What Kind of Worker Are You?

Not all people who work from home are the same. We don’t just mean that they’re in different markets or industries, but there are different legal and logistical work-at-home arrangements which need to be taken into account when planning a home office.

We can identify three basic work-at-home types:

  • an individual running a home-based business
  • a freelancer/independent contractor or professional
  • a part- or full-time telecommuter

The following summarizes the distinctions among the three categories.

  • Home-Based Business—A small company that offers products or services to clients. Examples: graphic design companies, accounting firms, business consultancies, or manufacturers of specialty food items.
  • Freelancer/Independent Contractor/Professional—An individual who provides professional services to clients, ranging from consulting, to writing, to graphic design, to photography, to public relations, to marketing services, to professional public speaking, to…you name it. Examples: lawyer, accountant, consultant, designer, independent sales representative.
  • Telecommuter or Teleworker—An individual who is a full-time employee of a company, but doesn’t own or run the company, and works from home either part time (say, two or three days a week) or full time. The company’s headquarters may be local or located across the country, or even overseas. Examples: company PR representative, IT specialist, or salesperson.

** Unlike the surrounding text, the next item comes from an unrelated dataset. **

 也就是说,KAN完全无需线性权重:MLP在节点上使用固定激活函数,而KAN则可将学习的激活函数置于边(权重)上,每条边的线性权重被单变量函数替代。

There is some overlap between the first two categories, but the primary difference is that the home-based business tends to be set up as a distinct business entity for tax purposes, while the freelancer/independent contractor/professional typically, but not always, is an individual who reports business income on his or her personal income tax return.

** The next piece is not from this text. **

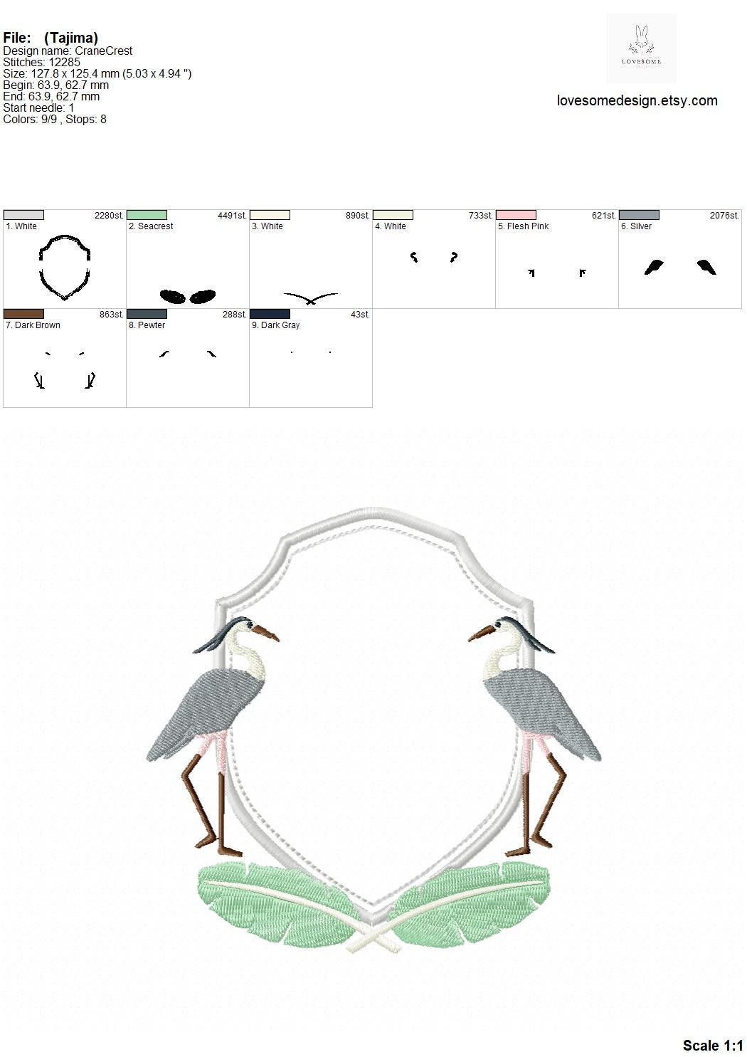 This listing includes one crest design with a pair of stylish crane birds and tropical leaves for machine embroidery in one size, each appr. in 5inch size.

The last category, telecommuter or teleworker, may differ in some significant respects from the first two, especially in terms of tax, insurance, and even some logistical respects (office hours and availability, e.g.). Often, company sales reps fall into the category of teleworker, as their job description requires them to travel and visit clients the majority of the time. Salespeople in different parts of the country from the home office (their territories) may report to a local or regional sales office, or may in fact consider their home (or even their car) their office. And, in fact, an off-site call center may actually be someone’s home office.

Bugged at Work

Richard here.

For a few years, my home office had been in the finished basement of a split-level house in the suburbs. The desk faced the window, and as I worked, my back was to the rest of the basement. One Sunday afternoon in the summer, I was trying to figure out how some software worked and for a time was in the zone and oblivious to what was going on around me. After a few hours, I caught a glimpse of something out of the corner of my eye: it was a wasp landing on the window. That jolted me back to reality and as I was rolling up a magazine (after trying to find a printing industry trade magazine that was thick enough to actually kill a wasp, which was a challenge), I heard a weird noise from behind. I turned, and saw that the basement was completely aswarm with wasps that had somehow made a nest in the electrical junction box. I grabbed the laptop, ran upstairs, and called Terminix.

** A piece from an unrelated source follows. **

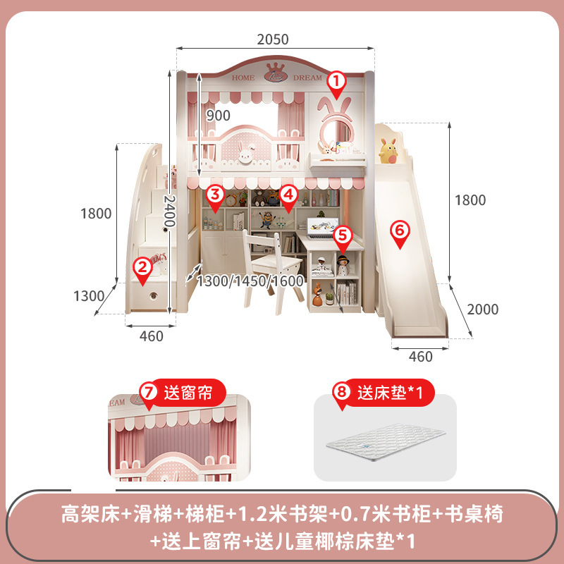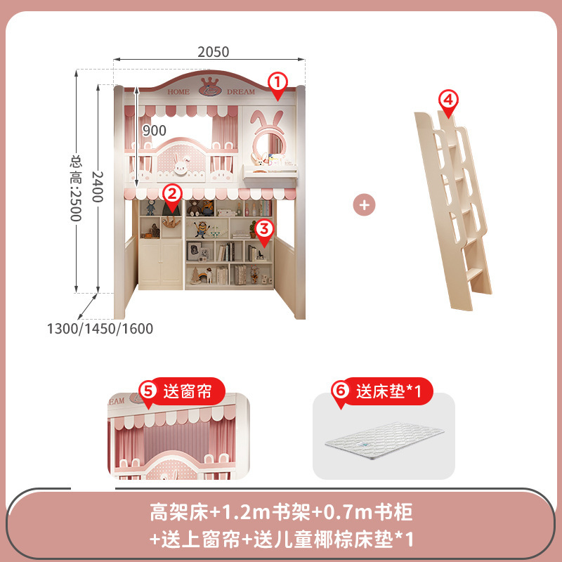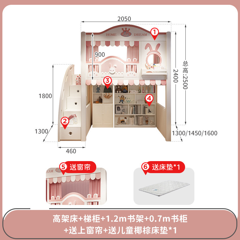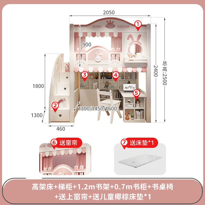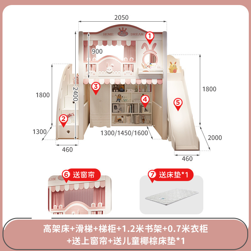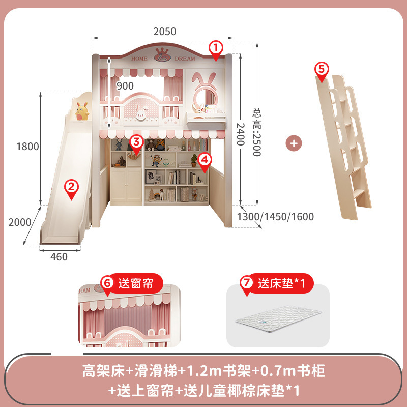 • Q 스타일 로프트 침대 + 사다리 수납장 + 슬라이드 + 1.2m 책장 + 0.7m 책장

Needless to say, that pretty much killed productivity for the rest of the day. Fortunately, it was a Sunday.

Money Talks

One potential hindrance to working from a home office can be money, or rather the lack of it, especially if your intent is to launch a home-based business rather than just telework. So before launching a home-based business, make sure you can feasibly afford to do so. You may need to take out a small business loan, and/or you may have a spouse or significant other who can help float you along, but you want to make sure that you have enough money to live on until your business becomes sustainable. It is generally advisable to have at least one year’s worth of income in savings before you launch a business. This should be ready cash in an everyday savings or checking account; you do not want to dip into any retirement savings.